During a summer job in the late sixties I worked in a Rolls Royce lab where we tested this type of blade. In those days they were simpler but not so very different in appearance. The lab I worked in was trying to coat them with tungsten using a kind of plasma spray gun. Tungsten wire was fed into the plasma and sprayed by hand onto test blades. One problem was sunburn from all the uv generated by the plasma.
Surprisingly enough it all seemed rather casual to me, with little sense of urgency. We drank tea from laboratory beakers and some people brought in foreigners, which were DIY projects smuggled in to take advantage of Rolls Royce technical and engineering facilities in various parts of the site.
One chap repaired his rusty torch this way.

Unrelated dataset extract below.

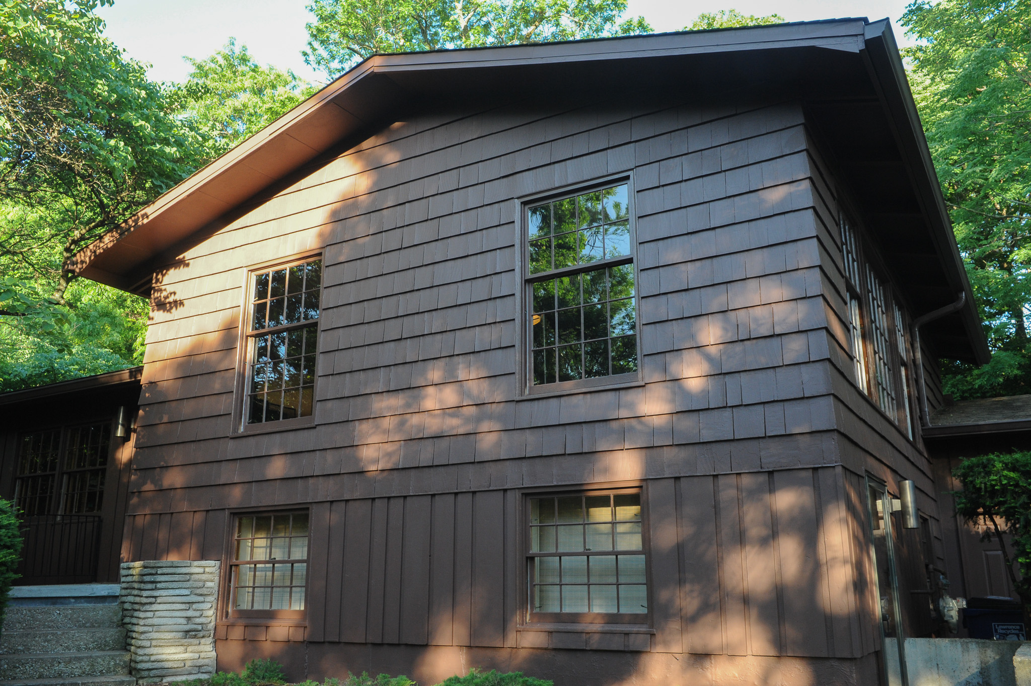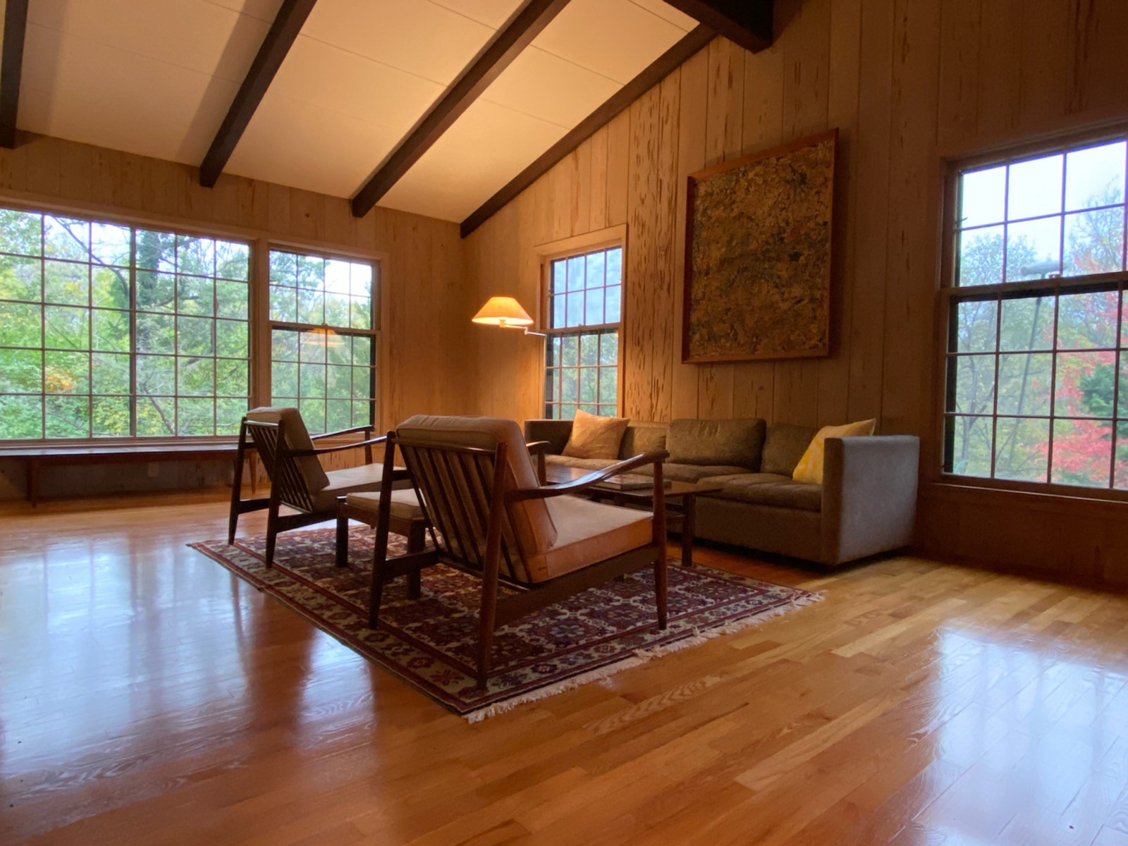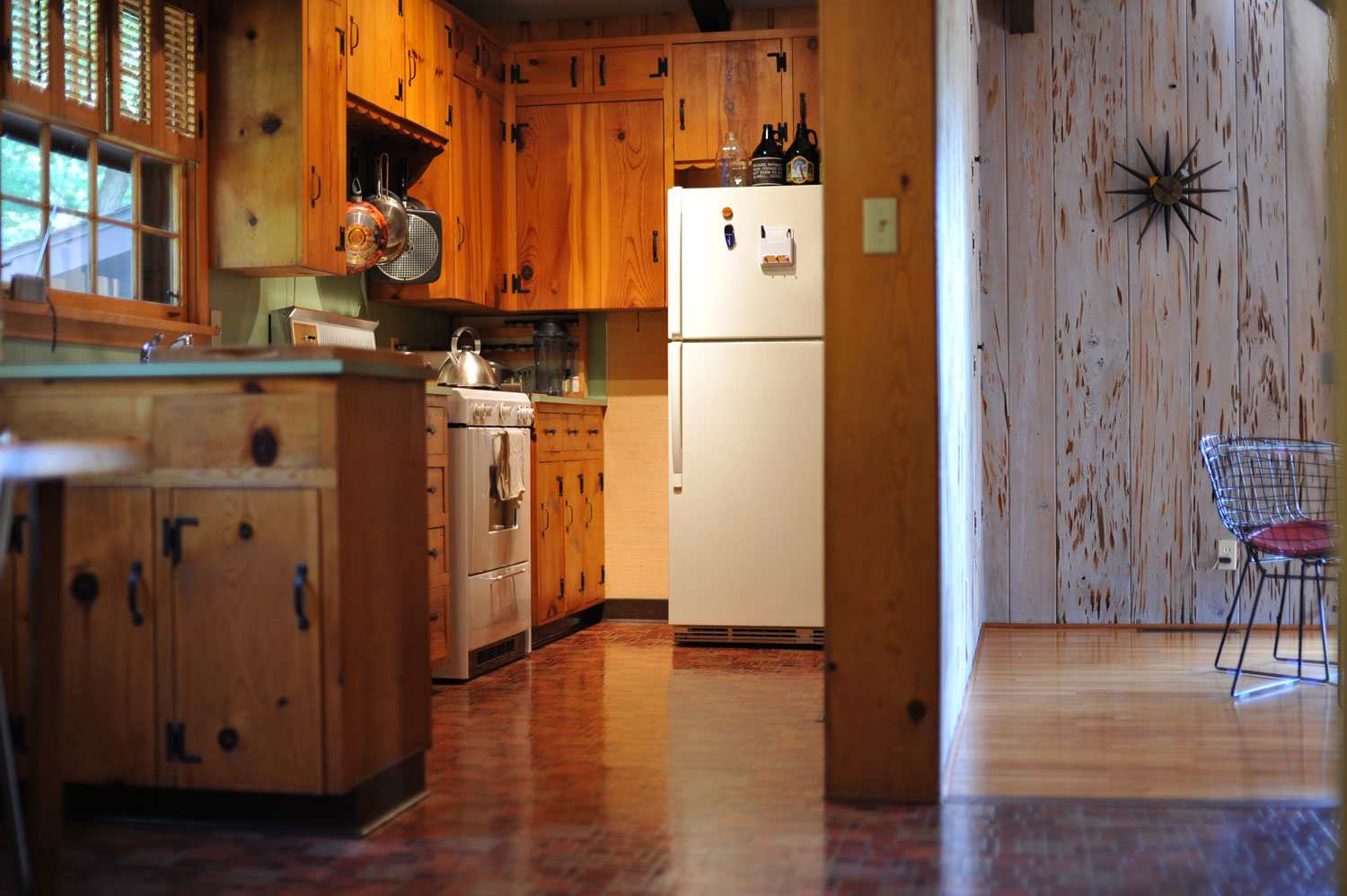In addition to its secluded site, the house exhibits outstanding originality and architectural integrity. Except for minor alterations to the bathrooms, the house is unchanged. The kitchen, in particular, is a time capsule of mid-1950s contemporary living, showcasing original Formica countertops, knotty pine cabinetry, a built-in barbecue, vintage gas stove, custom-order Andersen Pressure Seal double hung windows, a Modeline chain lamp, and authentic Armstrong Embossed Inlaid Linoleum No. 5352. All selected and preserved by Marion Howey, a former government documents librarian at the Spencer Research Library who knew what she wanted and usually found a way to get it.

First he had the metal case sandblasted to remove the old paint and the rust, then he repaired rust holes with resin. Next he had the thing spray painted in a Rolls Royce painting booth and finally a metal ring which held the glass was nickel-plated in a Rolls Royce plating bath. A few years later Rolls-Royce was declared bankrupt. That torch was a symptom of malaise, even I could tell that.
Things are obviously very different now and it's a pity that this kind of story in the Engineer rarely makes it into the mainstream media. No doubt it is basically a press release, but it is an interesting one, isn't all that technical and deserves a wider circulation. Instead we have reams of drivel about the latest incarnation of Dr Who, a kids' TV programme.